May 25 2016
By Eleanor McDermid
The risk of cardiovascular disease (CVD) events in patients with Type 2 diabetes rises in line with their cumulative burden of microvascular disease, research shows.
The research, published in The Lancet Diabetes & Endocrinology, included data on 49,027 patients with Type 2 diabetes identified in the UK Clinical Practice Research Datalink.
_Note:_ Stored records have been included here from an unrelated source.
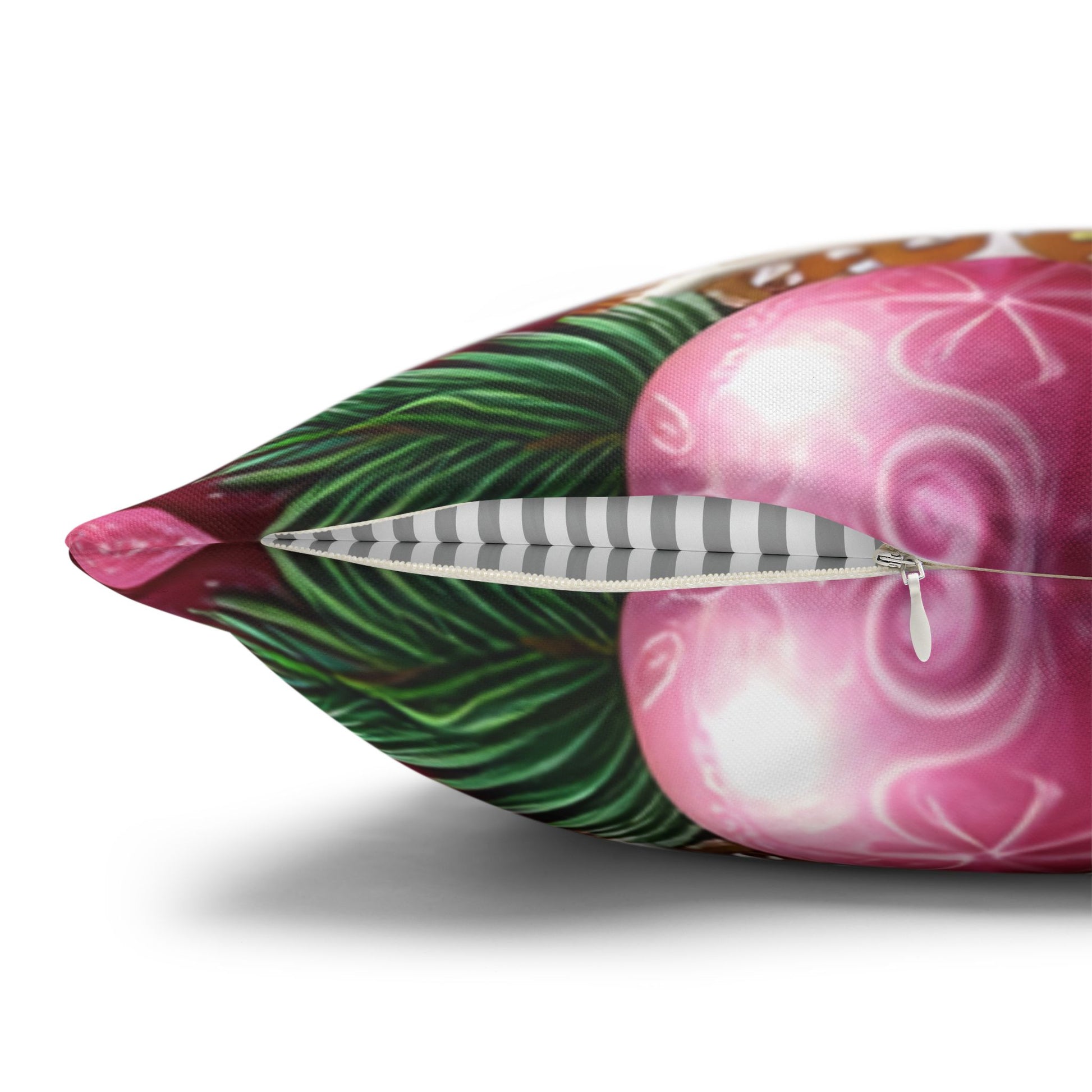 Cozy and whimsical, this square pillowcase brings sweet holiday charm to any room. Lush, double-sided printing captures a frothy hot cocoa mug surrounded by gingerbread, candy canes, and ribbons — colors are warm pinks, creams, and festive accents that feel like a holiday kitchen come to life. The spun polyester fabric stays smooth and vibrant without ironing, and the concealed beige zipper keeps the edges clean so the cheerful design remains the focal point. Slip it over an insert to add a playful, nostalgic touch to a mantel, reading nook, or kids’ room during seasonal gatherings and quiet winter evenings.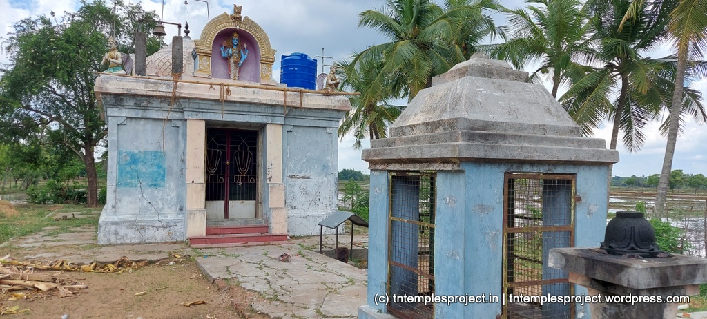 This small Perumal temple is located just a little further west of the Tirumeyachur Lalithambigai temple, and to the south of the Nattaru river. The temple is situated in an open field, surrounded by agricultural lands.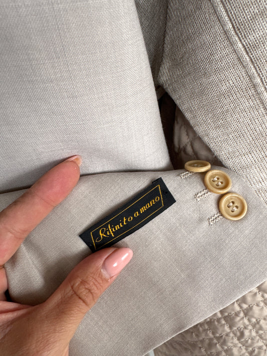 Sacou luxury italian light nude nou din lana pura virgină certificată extrafina

It shows that the patients' likelihood of having a major CVD event increased according to the number of microvascular disease manifestations they had, these being retinopathy, microalbuminuria and peripheral neuropathy.
Naveed Sattar (University of Glasgow, UK) and David Preiss (University of Oxford, UK) write in an accompanying commentary that the study, "while reinforcing established wisdom, does so in a manner which is potentially clinically impactful."
They say the results highlight the need for statin therapy and intensive blood pressure control in diabetes patients, "particularly patients younger than 40 years in whom guidelines are often less prescriptive." And they suggest that the presence of microvascular disease in more than one tissue should trigger intensification of lipid-lowering therapy.
Microvascular disease was common, with 18,631 patients having at least one type, 13,886 patients two types and 4125 having all three. Glycated haemoglobin levels rose with increasing number of microvascular disease manifestations, and the same was true of blood pressure, while renal function declined.
The exception to this trend of worsening risk factors was levels of total and low-density lipoprotein cholesterol levels. These improved, which Jack Brownrigg (St George's University of London, UK) and study co-authors attribute to more intensive statin therapy among patients with more overt microvascular complications.
The rate of a first major CVD event (nonfatal myocardial infarction or stroke, or vascular death) rose from 5.00 per 1000 person-years among patients with no microvascular complications to 9.82, 15.69 and 22.10 per 1000 person-years among those with one, two and three complications, respectively.
And this relationship persisted after accounting for confounders, including glycated haemoglobin levels, duration of diabetes and social deprivation. Specifically, patients with one, two and three complications were a significant 32%, 62% and 99%, respectively, more likely to have a major CVD event than those with none.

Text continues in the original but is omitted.